Did you ever notice that Jesus does not tend to give what we would call "inspiring" or "motivational" talks? He is not a football coach, nor does he try to engage your will power as such. Your common Christian sense would deny this until you actually study his recorded Gospel messages, and see that it is factually true! Jesus is much more concerned about shaking your foundations, giving you an utterly alternative self image, world image, and God image, and thus reframing your entire reality. Mere inspiration can never do this.
If you depend on being emotionally inspired or newly motivated, you will need a new fix almost every day. If it is a true Gospel message, it will be more about regrounding, reshaping and redirecting you from your core. Thus the quintessential Lenten reading is Jesus' first public proclamation that we know of. In some ways, it summarizes everything he says: "Now is the time, God's reign is present, change your life, and believe some very good news" (Mark 1:15, my translation).
Yes, we do need an emotional charge to make most decisions, adopt specific behaviors, "give up candy for Lent," or make some changes in our life. But Jesus is not talking about changes. He is talking about change! Many changes might well be good and even needed, and surely some changes will result from any shaking of the foundations, but they are not what we mean by Biblical conversion or transformation ("changing the form itself"). These things do not change the seer as such, but only his or her acceptable self image -- and usually for a short while. It is the old and perennial problem of putting the cart before the horse, or thinking that lots of carts ("changes") will eventually create the horsepower. It never finally works.
Any appeal to will power, or even the presentation of some good new ideas, merely engages YOU, but at your present level of maturity and consciousness. Now YOU (in your old form!) try harder, think more or better, and do something different, but your YOU has not been changed in any substantial way. It is still "You" who try harder, think more or better, or do something different. Maybe this will get you into the right ball park for eventual and actual conversion, but in my experience, most people stay right where they are, and wait for the next motivational spiritual message. This is why so much organized religion is so ineffectual in actually changing people.
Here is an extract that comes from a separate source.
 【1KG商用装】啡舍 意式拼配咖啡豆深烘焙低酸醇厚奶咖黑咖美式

As the AA people say, religion usually depends far too much on "promotion instead of attraction." The old self needs constant promotional material to keep it going. The new self "hidden with Christ in God" (Colossians 3:3) is both attracted and attractive just by being itself. A transformed self engenders life from within, pulls life from without, and channels life in outer directions -- without "trying." The essential religious question is always this: "You must get your WHO right!" Who is the subject here? Who is doing the acting, the loving, the motivating, the repenting? Is "little ol' me" doing this or not doing this? All mature religion is somehow talking about finding your God self, your Christ self, your Buddha self, your Sufi dance. And when it happens, you know it was not a "change" after all, but a wondrous discovery and constant rediscovery of what was always true anyway.
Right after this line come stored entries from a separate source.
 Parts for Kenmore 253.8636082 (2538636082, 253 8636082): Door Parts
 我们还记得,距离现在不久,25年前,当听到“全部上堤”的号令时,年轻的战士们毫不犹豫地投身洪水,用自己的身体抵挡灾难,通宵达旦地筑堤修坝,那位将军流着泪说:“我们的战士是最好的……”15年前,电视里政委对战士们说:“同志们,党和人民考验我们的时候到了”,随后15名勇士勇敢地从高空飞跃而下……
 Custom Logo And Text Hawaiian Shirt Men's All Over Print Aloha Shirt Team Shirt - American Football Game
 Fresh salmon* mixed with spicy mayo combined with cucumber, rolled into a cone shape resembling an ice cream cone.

After transformation one realizes that one is a participant! And always has been! It is being done unto me, through me, with me, and for me? Until we realize and act from this larger I AM, there has been no essential transformation, but only an accessorizing of the old outfit. For many of us, this change of form is summed up rather perfectly in Paul's oft quoted line "I live no longer my own life, but the life of Christ who lives in me" (Galatians 2:20). Choosing this or that religious form is often nothing more than a delay tactic avoiding our participation in a Ride that is already happening beneath, before, and beyond all of the forms, and this Ride is much larger than ME. Paul again says shortly thereafter, "It does not matter whether one is circumcised or not, what matters is that you become an altogether new creation" (Galatians 6:15).
The big rub is that to surrender my "singularity" (John 12:24) and fall into this "altogether new creation" will always feel like dying. How could it not? It is a dying of the self that we thought we were, but it is the only self that we knew until then. It will indeed be a "revolution of the mind" (Ephesians 4:23). Heart and body will soon follow.
This is the real "try harder" that applies to Lent, and its ultimate irony is that it is not a trying at all, but an ultimate surrendering, dying, and foundational letting go. You will not do it yourself, but it will be done unto you (Luke 1:38) by the events of your life. Such deep allowing is the most humiliating, sacrificial, and daily kind of trying! Pep talks seldom get you there, but the suffering of life and love itself will always get you there. Lent is just magnified and intensified life.